Machine learning-based data collection: this is a statistical analysis of the content, the potential compute-intensive application that can benefit from using Hadoop. This approach derives the relationship from statistical co-occurrence within the website.

Patient Chatbots

To deliver quality services to the patients, medical informatics entities are using recent technologies like Artificial Intelligence and predictive technologies in the healthcare application. It is impossible for a patient to get advice from physicians in an emergency situation. To provide "round the clock" medical advice to patients, healthcare industries are investing a lot in the creation of automated medical chatbots. Medical chatbots are conversational software available for smartphone applications. They provide a more immediate service for patients. They are adequate enough to communicate and gather information from the patients. The collected information is fed to the deep learning algorithms to improve the intelligence of the chatbots. These medical chatbots are a recent trend in the healthcare industry. Some of the most popular chatbots are related to the healthcare industry.

Structured Data

Medical data exists in different forms such as laboratory test results, notes by physicians, lifestyle data of patients, vital signs, and various forms of imagery data such as Magnetic Resonance Imaging (MRI), radiology, ultrasonography, pathology slides, etc.

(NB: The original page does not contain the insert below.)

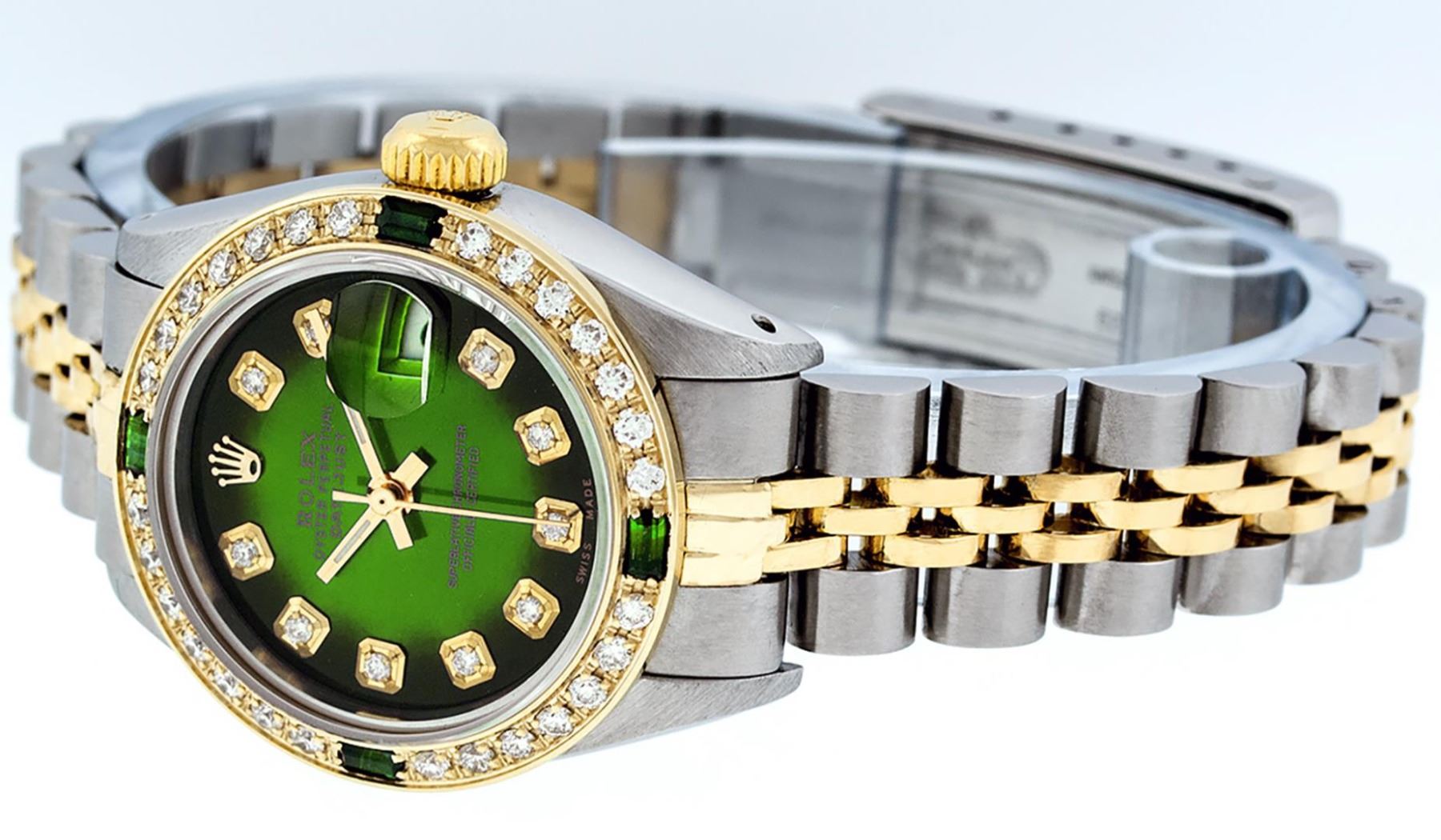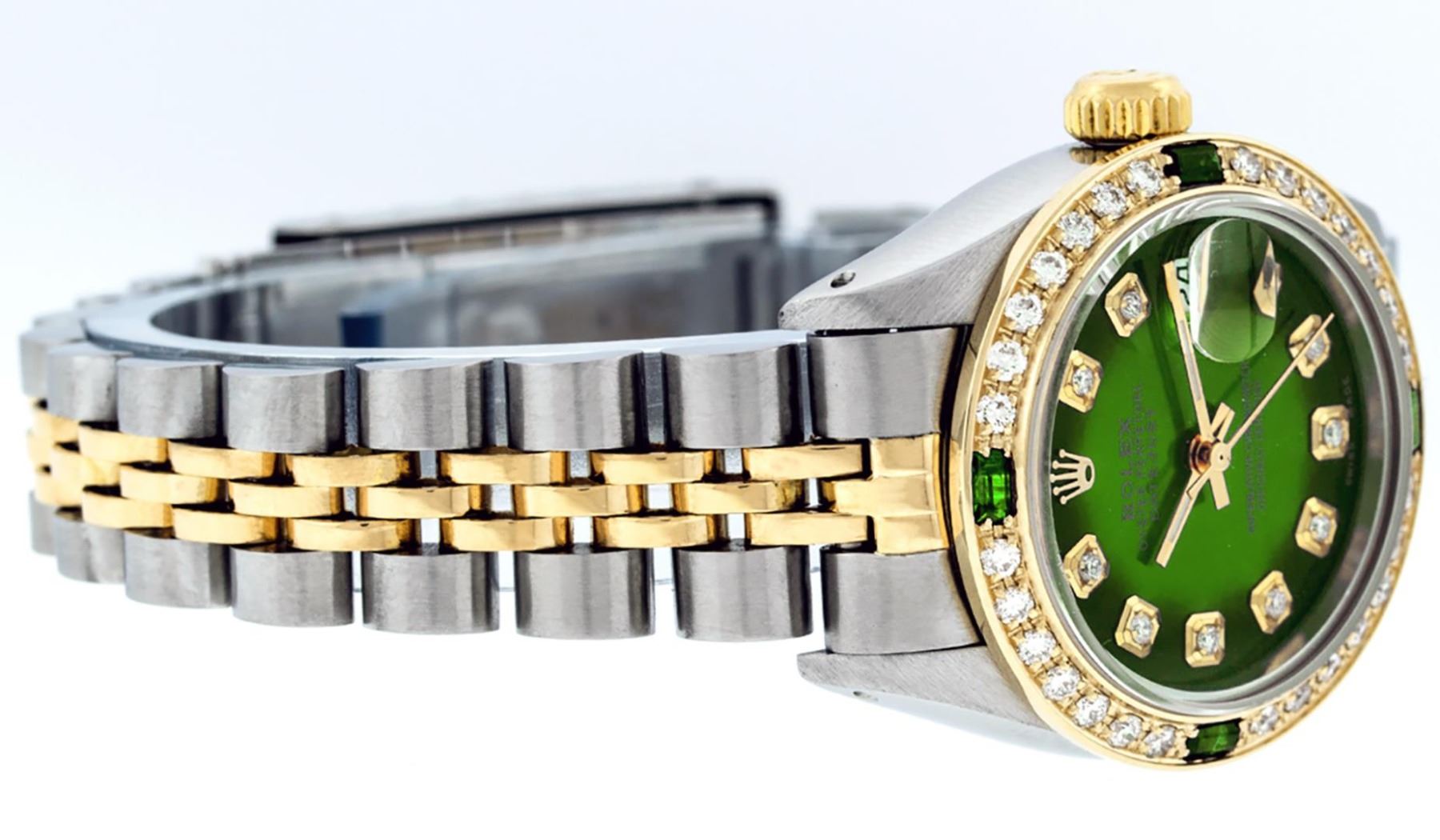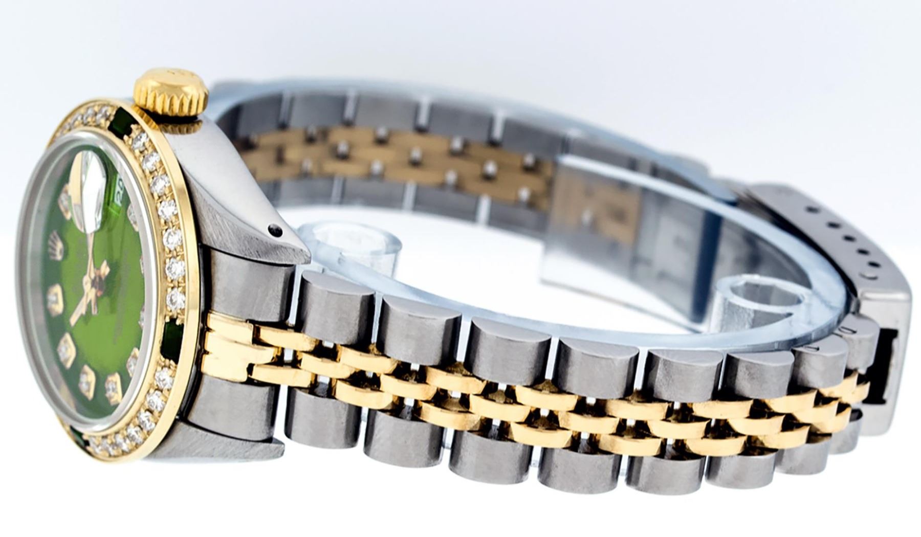 One Ladies Pre Owned Quickset Two Tone 18K Yellow Gold And Stainless Steel Rolex Datejust Polished, Serviced And Electronically Tested, Yellow Gold And Stainless Steel Case: 26mm, Yellow Gold Crown, Custom Bezel: New 18K Yellow Gold Emerald Beadset Diamond Bezel, Diamond + Gem Count: 28 Diamonds + 4 Emeralds. Custom Crystal: New Sapphire With Date Window. Custom Hands: New Luminescent Hands. Rolex Movement: Automatic Winding Movement 2135. Custom Dial: Custom Green Vignette Dial With Added Diamond Hour Markers, Diamond Count: 10 Diamond in Dial. Date Window: 3 O'Clock Position Date Display, Model: Quickset Datejust, Condition: G-6 Extra Fine. Rolex Bracelet: Two Tone Yellow Gold And Stainless Steel Jubilee Band. Bright Polish. 6.0 Inch Length, Adjustable. Standard Clasp, With Rolex Logo. This Watch Has Been Serviced Time Tested And Is In Excellent Condition It Is Free Of All Scratches And Dents.

There is no proper standard for encompassing the medical data, hence it is important to understand the information of the data before processing it.

Structured data are organized and consistent in nature. Structured data can be analyzed easily. A few examples of medical data include numerical values such as blood pressure, height and weight, and categorical values, such as blood type, diagnostic stage of disease, etc. It is a non-homogenous and non-monolithic category as the data will be in structured form and it doesn't mean that it makes sense with the data as it is in structured form. Furthermore, we cannot say that the data with no formal structure cannot be interrupted easily.

Consistency and Quality of Structured Data

The structured data consists of two main parts - the value and the variable name. Consider the height of patients. In electronic medical records of patients, the height of the patient might be stored as "height: 64". This depicts the height of the patient in inches. It is also possible to store the value in meters as "height: 1.625m" or it might be stored in terms of yards as "1.77 yards" and so on. The variable might also be stored in different forms.

Logical Observation Identifiers Names and Codes (LOINC) is a universal and database standard developed for identifying the medical laboratory reports. Health Level 7 is an international standard for transferring administrative and clinical data between the application which are used by various medical providers. The Fast Healthcare Interoperability Resources (FHIR), is a drafting standard for elements, data formats, and API for exchanging the medical data.

Usually structured patient generated data is collected from devices that are held with the consumers and it may not be an FDA approved device, hence the data from these devices cannot be compared to each other although they are in structured format. For example, when using an accelerometer the number of steps walked by a consumer is measured but there is no standard algorithm for converting this raw data. Though this data is inconsistent, the clinician still uses it to find the relative improvement of patient for a period of time, conditionally the patient should use the same electronic device for the entire period. But the direct patient comparison wiould be implausible. To overcome these issues standardized devices should be used.